Veja nosso post sobre o preparo do solo em clima instável:
Para tal, existem duas frentes de atuação: o escoamento superficial, feito por meio de estruturas como terraços para conduzir a água de forma controlada e evitar a erosão; e a drenagem interna, melhorada pela adoção do plantio direto e pela manutenção da matéria orgânica no solo.
Ao tornar o solo mais poroso, aumenta a velocidade de infiltração da água, reduzindo o tempo para o solo voltar à condição ideal de plantio.

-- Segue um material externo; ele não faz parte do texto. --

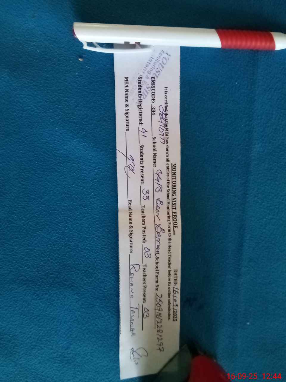 | Attendance Register | Head Teacher | MEA with School | Visit Proof |

A segunda solução é apostar em cultivares de ciclo precoce, que completam seu desenvolvimento em menos tempo.
Esta decisão técnica permite que a colheita da soja ocorra mais cedo.
Além disso, retoma parte do tempo perdido e viabiliza o plantio da safrinha dentro de uma janela mais segura.
Planejamento detalhado e liderança global
Resumidamente, a gestão para equilibrar o ZARC com as imprevisibilidades da chuva é o que sustenta a alta produtividade e a resiliência da sojicultura brasileira.
É justamente esse nível de planejamento científico e técnico, que vai do mapeamento de risco por município até o avanço da análise por talhão, que permite ao Brasil manter sua posição como líder na produção de grãos de soja do mundo.
Ao mitigar perdas e garantir a viabilidade da dupla safra, o produtor brasileiro transforma o domínio técnico em produtividade e segurança alimentar global.